Not in the first version, followed by the reason:
- ADC/SBC, for the moment ADD and SUB are enough, pending verification of first batch of opcodes.
- INC/DEC/ASL/LSR/ROL/ROR/DEP memory, pending verification of first batch of opcodes.
- JSR/BSR/PHR/PLR, pending verification of first batch of opcodes.
- WAI/STP/BRK/RTI, pending implementation of interrupt handler.

Design:
- Highly regular encoding scheme with 16 bit/32 bit
- 2 State front-end pipeline + 3 stage back end pipeline of fragmented operations (uOP, to say)
- Yes, it is a complex design. In fact i completed the first version of the internal micro core. That i will need to modify further to implement ROR/ROL/DEP/ADC/SBC.
"Completed" here is a placeholder for "Logic Gates for the full implementation are there, but there is no tests yet".
- Logic gates simulation first. Because i am bad at planning projects.
- IF stage fetch and reorder the instruction.
- ID stage translate 16 bit opcode in 1-3 20 bit uOps.
- SCHED stage pick a ready uOP from one of the Reservation Stations and put it in the Scheduled_Instruction_Register. 80 bits of MUX x2, YAY!. At least that's all the work that this stage need to do.
- ALU stage pick A register and a B register, then it select one from B, K or T (temp storage of the RS) for the second input of ALU. B is always forwarded to Mem. ALU can store the register back to the Register File or write the MAR register to start a memory cycle.
- MEM stage start with the address in the MAR register, it wait for RDY signal and then write to TA or TB (Temp RSA or Temp RSB)

Github of the project

https://github.com/aleferri/65HE06
The current partial implementation is P1. You'll need LogicCircuit to open the file.

Expected FAQ

Why have you decided to make this monster that will run at 10khz at max?
First of all: this will not run at 10khz. The Intel Nehalem core run at 500 khz on 4 Virtex FPGA. I think i cannot do worse, so at a minimun this will run at 500 khz.
Second: memory is a bottleneck of any 6502 or 6502-like* CPU, to avoid the inevitable death of the clock frequency i had to make the MEM step as empty as possible, the mem bus see a single 16 bit mux on TA/TB, operated by the Load Flag in front of each Flip Flop.
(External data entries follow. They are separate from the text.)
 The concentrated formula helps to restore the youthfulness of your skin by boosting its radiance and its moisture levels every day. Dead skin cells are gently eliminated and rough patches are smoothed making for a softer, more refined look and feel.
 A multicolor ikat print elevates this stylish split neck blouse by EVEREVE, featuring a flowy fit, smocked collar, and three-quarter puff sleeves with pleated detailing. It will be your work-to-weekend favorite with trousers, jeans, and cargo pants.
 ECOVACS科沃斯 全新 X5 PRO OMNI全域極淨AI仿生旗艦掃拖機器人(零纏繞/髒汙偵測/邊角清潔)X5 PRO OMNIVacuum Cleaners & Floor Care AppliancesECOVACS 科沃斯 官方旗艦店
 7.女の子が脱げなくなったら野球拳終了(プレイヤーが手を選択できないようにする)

On FPGA this MUX is already here, so MEM has no additional delay at all.
If i stopped there, there would have been a dead cycle after each memory access, so i had to find a way to make good use of this single dead cycle. So i decided to reuse it for address generation of other operations. The reuse rule is:
Called Main (M) the first allocated operation, Next the other allocated operation; u0 is the Main last uOp, uNext is the Next candidate uOp, uMain is the current executing uOP
Provided that:
uMain has written MAR and the end of an ALU stage (beginning a memory access)
Main is not a store (possible memory hazard, Main is a store if one of u0 or uMain write mem)
uNext A register is not u0 D (WAR)
uNext B register is not u0 D (WAR again)
uNext is not the final uOp of Next (If it were, execution would be out of order, a much bigger core and a much better Me is needed for that)
Then
uNext can be executed instead of stalling

I never heard of this weird architecture
Because this is a botched OoO core that decayed in an InOrderExecution InterlievedPartials InOrderStore. Unless you are trying to pipeline** an heavy Accumulator / Memory ISA there is zero reason to do this. Is probable that only the PDP-8 can reuse such architecture.
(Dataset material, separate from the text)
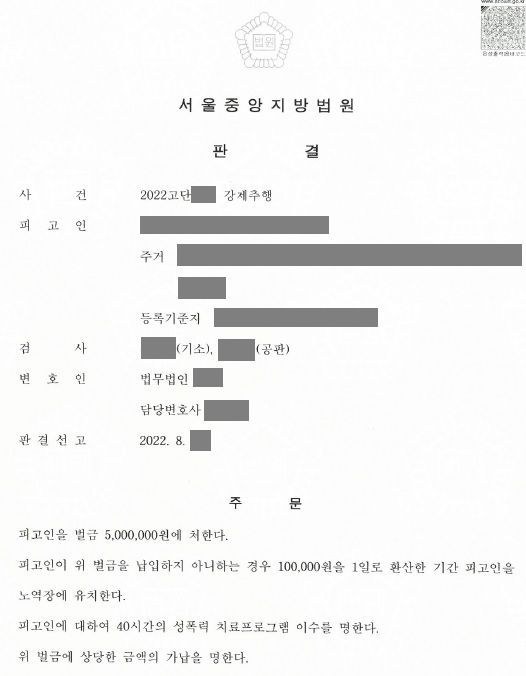 가해자는 처음에는 혐의를 전면 부인하였으나 결국 검찰에 의해 기소된 이후 법원에서는 혐의를 모두 인정하였고, 의뢰인과 합의를 하였습니다. 의뢰인은 합의금을 통해 정신적 충격을 조금이나마 위로받을 수 있었고, 가해자는 합의를 통해 의뢰인으로부터 용서를 받아 그나마 엄벌을 피한 채 벌금 500만원과 40시간의 성폭력 치료프로그램 이수 판결을 선고받는 것에 그칠 수 있었습니다.
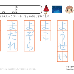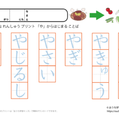 「幼児教材・知育プリント」>「ひらがな練習プリント」>「ひらがな練習プリント(○から始まる言葉)」

*: Unless you expand to 16 registers, drop indirect indexed mode, RMW, flags and find yourself with a RISC-V or a MIPS or a 16 bit AVR or a PIC24.
**: And gain performance, you can pipeline just fine the 6502, you keep stalling everything until you match the original performances with 300% of resource utilization.

EDIT: spelling


Top
 Profile  
Reply with quote  
PostPosted: Mon May 03, 2021 12:55 am 
Offline
User avatar

Joined: Fri Aug 30, 2002 1:09 am
Posts: 8543
Location: Southern California
It sounds like waiting for slow RAM won't be necessary. 10ns SRAM is pretty normal today, and I've seen down to 6ns.

_________________
http://WilsonMinesCo.com/ lots of 6502 resources
The "second front page" is http://wilsonminesco.com/links.html .
What's an additional VIA among friends, anyhow?


Top
 Profile  
Reply with quote  
PostPosted: Mon May 03, 2021 7:23 am 
Offline
User avatar

Joined: Thu Dec 11, 2008 1:28 pm
Posts: 10985
Location: England
Thanks for starting a new technical thread!

This sounds very exciting and I look forward to seeing developments.
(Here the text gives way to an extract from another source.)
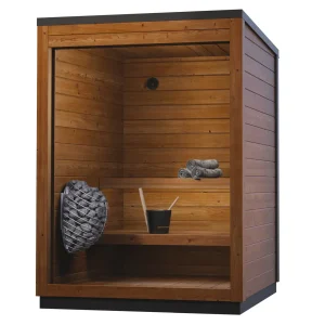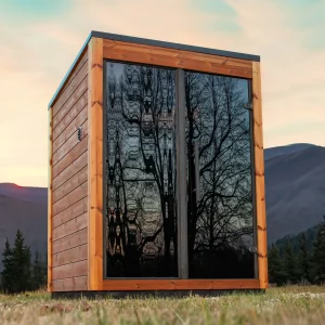 A sauna pronta outdoor Monai Mini é uma sauna finlandesa artesanal que conta com um elegante design escandinavo atemporal, capaz de elevar sua experiência de bem-estar ao ar livre. É uma sauna em madeira, que representa a combinação perfeita de modernidade e funcionalidade, sendo um verdadeiro convite a uma sessão de sauna autêntica e inesquecível.
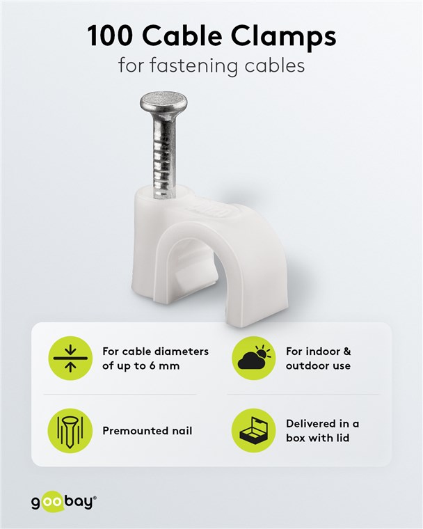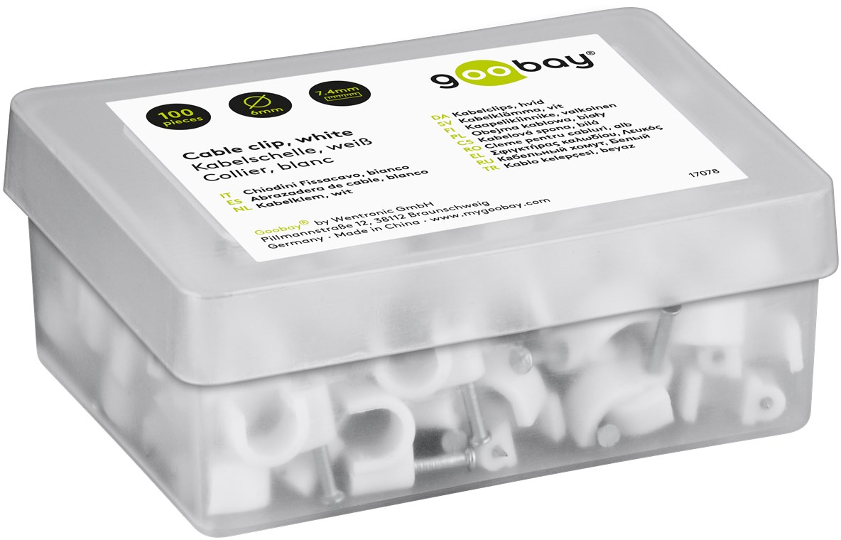 Weiterführende Links zu "Goobay 17078 Kabelschelle 6 mm, weiß VPE Plastic Box Mindestbestellmenge 1"

As ever, the choices you've made are your own choices, and we will see where they take you. Others will of course have other preferences, and can start their own discussion threads about the merits of the projects they build.


Top
 Profile  
Reply with quote  
PostPosted: Tue May 04, 2021 2:36 pm 
Offline
User avatar

Joined: Sun May 02, 2021 10:24 am
Posts: 21
Update:
i completed the Opcode -> micro-Op decoder. Now i am debugging it and debuggin the Back-End too.
I will update my github once i am almost sure it works, at least for the testbench (testbench being a memcopy implementation).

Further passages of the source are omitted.